**Given data:**

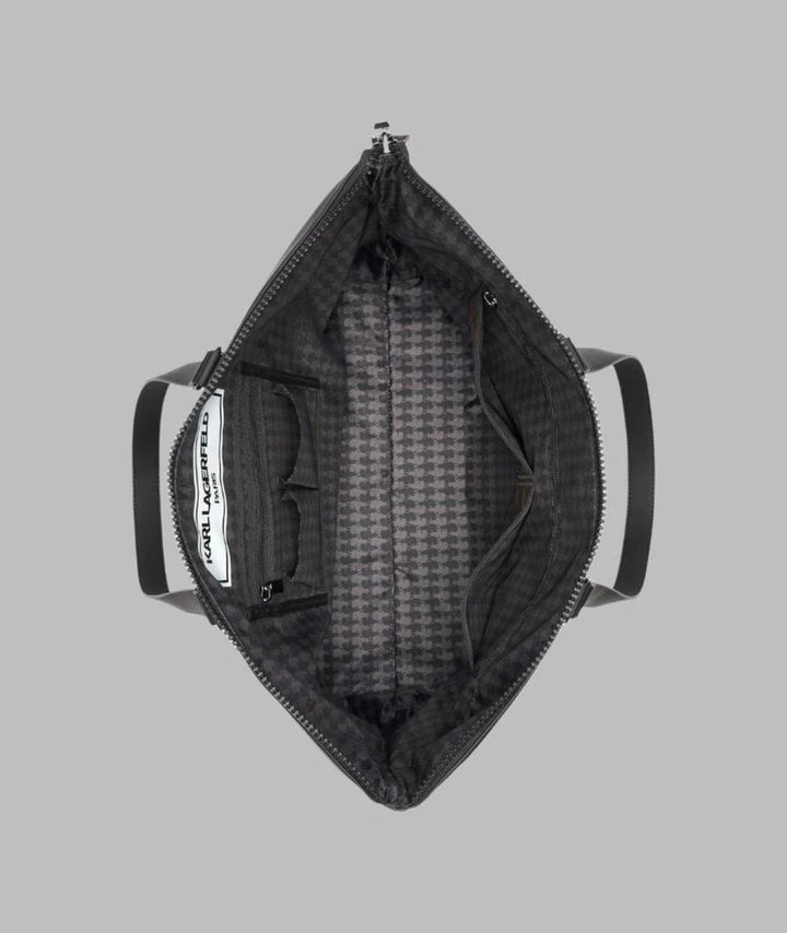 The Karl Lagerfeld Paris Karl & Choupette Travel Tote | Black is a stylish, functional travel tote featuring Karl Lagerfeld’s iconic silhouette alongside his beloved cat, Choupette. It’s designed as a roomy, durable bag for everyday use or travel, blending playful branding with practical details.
==
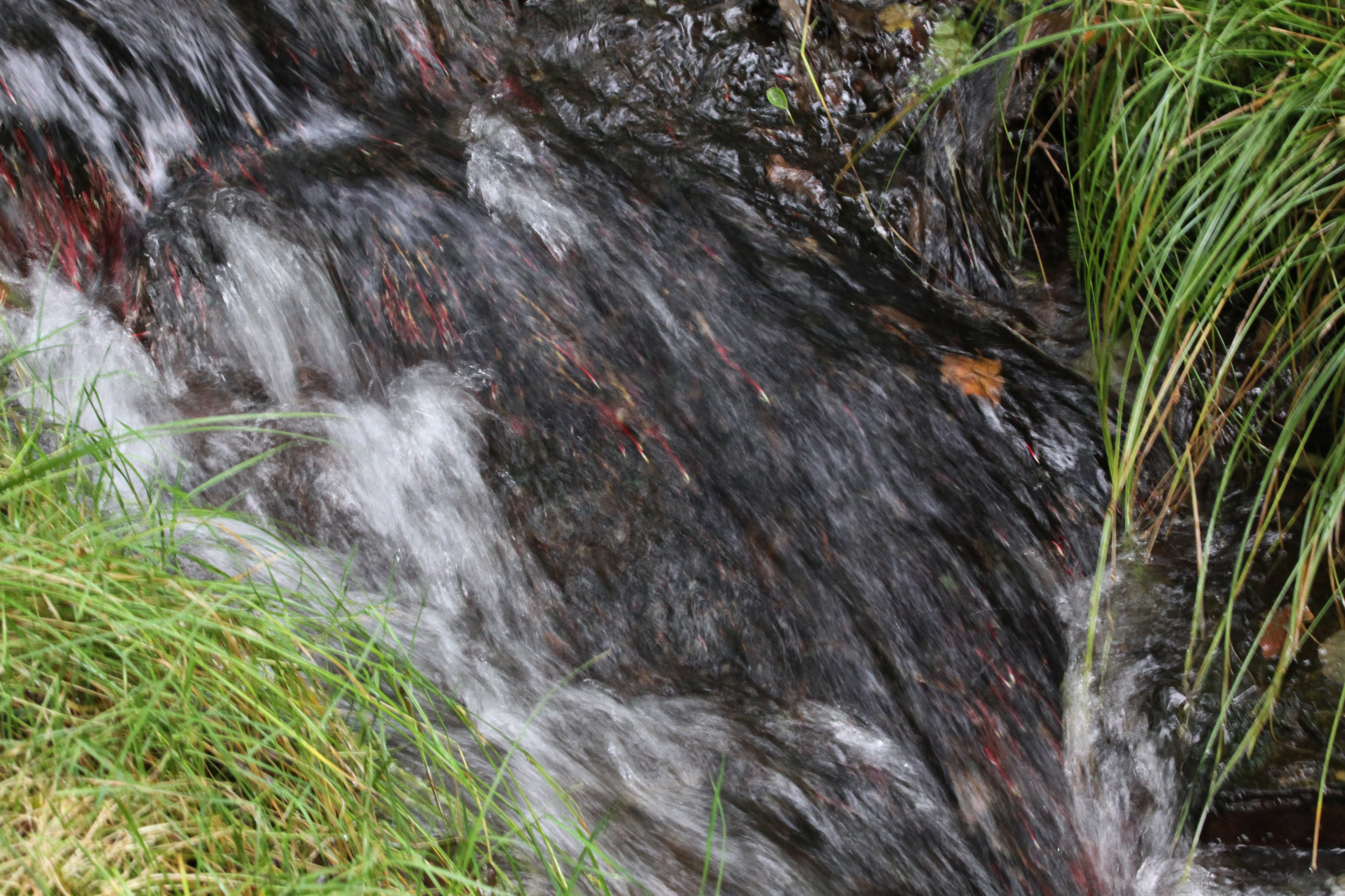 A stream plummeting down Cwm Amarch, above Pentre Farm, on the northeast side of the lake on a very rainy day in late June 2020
* * *
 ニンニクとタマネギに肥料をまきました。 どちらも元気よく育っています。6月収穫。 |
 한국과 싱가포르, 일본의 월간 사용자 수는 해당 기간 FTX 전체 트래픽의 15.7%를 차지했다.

**Goal of the exercise:** Restate word for word the entries above, starting at the line with "ニンニクとタマネギに肥料をまきました。 どちらも元気よく育っています。6月収穫。 |" and ending at the line with "한국과 싱가포르, 일본의", inclusive, and no others.

**Answer to this exercise:**
 ニンニクとタマネギに肥料をまきました。 どちらも元気よく育っています。6月収穫。 |
 한국과 싱가포르, 일본의 월간 사용자 수는 해당 기간 FTX 전체 트래픽의 15.7%를 차지했다.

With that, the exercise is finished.